Resource Classification Configuration
| Field | Value |
|---|---|
| Document ID | ASCEND-GOV-008 |
| Version | 1.0.0 |
| Last Updated | March 27, 2026 |
| Author | OW-KAI Engineering |
| Publisher | OW-KAI Technologies Inc. |
| Classification | Confidential |
| Compliance | SOC 2 CC6.1, NIST AC-3, PCI-DSS 7.1 |
Reading Time: 10 minutes | Skill Level: Advanced
Overview
Resource Classification Configuration allows administrators to define sensitivity tiers and risk score modifiers for each resource type in their organization. When an AI agent submits an action, ASCEND looks up the resource type against the admin-defined classification table to determine the correct sensitivity tier and risk multiplier.
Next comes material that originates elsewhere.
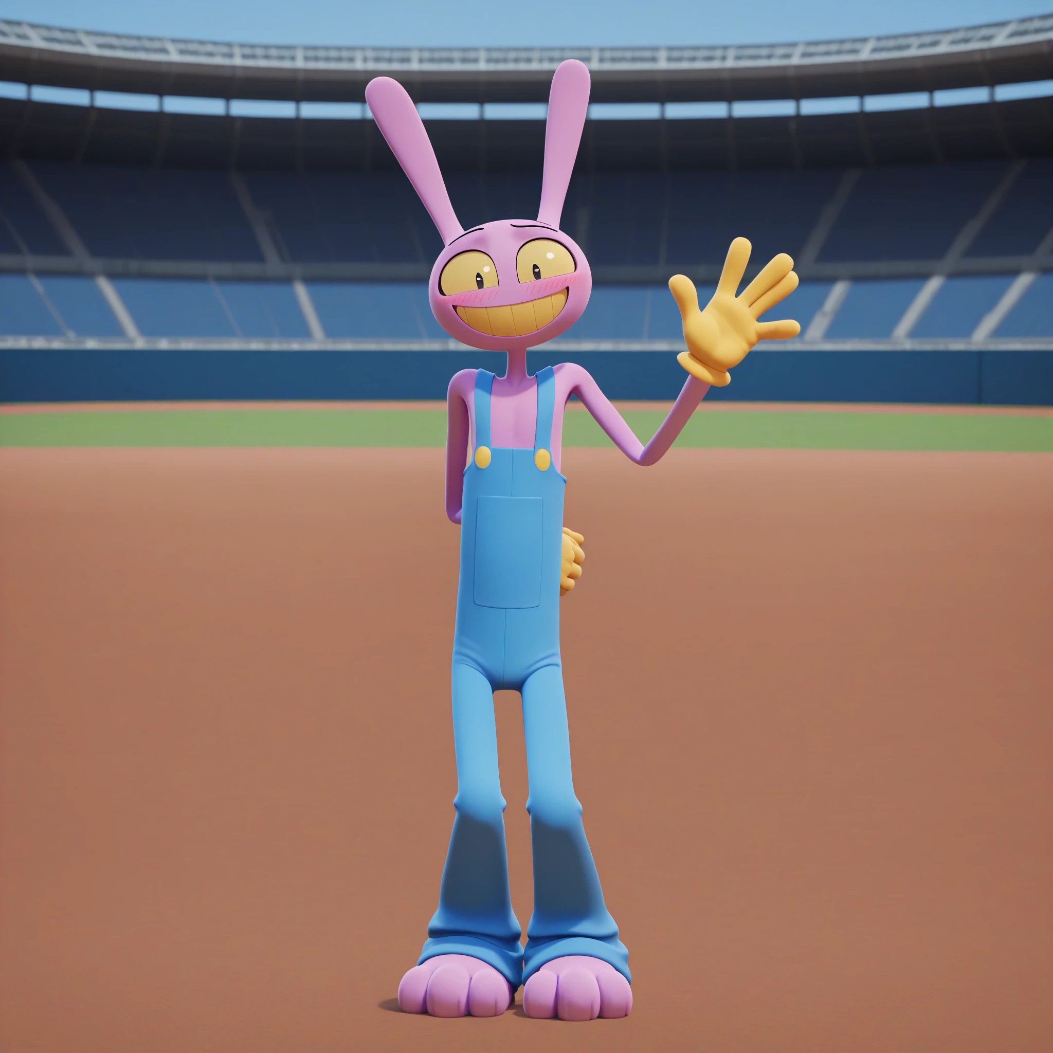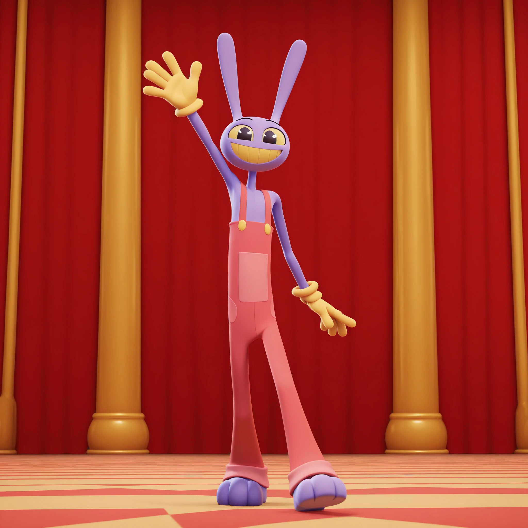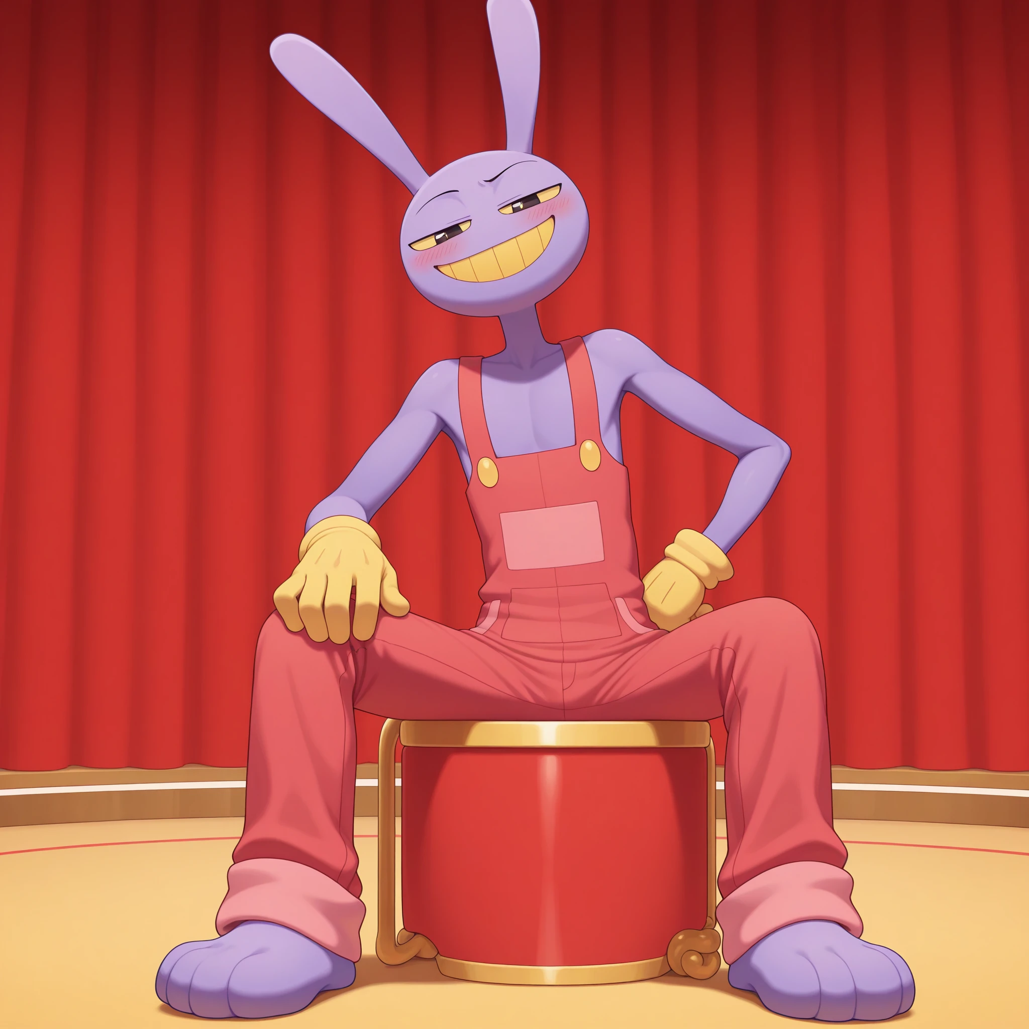 Regular Outfit: jaxtadc, jax (the amazing digital circus), rabbit boy, yellow sclera, purple skin, rabbit ears, parted lips, yellow teeth, yellow gloves, red overalls

This implements a defense-in-depth model: the platform trusts admin-defined classifications over agent-declared sensitivity. Agents cannot downgrade the sensitivity of a resource type that an administrator has classified as critical.
Key principles:
- Admin authority: Administrator-defined classifications always override agent-declared sensitivity levels.
- Fail-secure default: Any resource type not found in the classification table defaults to CRITICAL sensitivity with a 1.5x risk multiplier.
- Tenant isolation: Classifications are scoped per organization via Row Level Security (RLS). One tenant's classifications are invisible to another.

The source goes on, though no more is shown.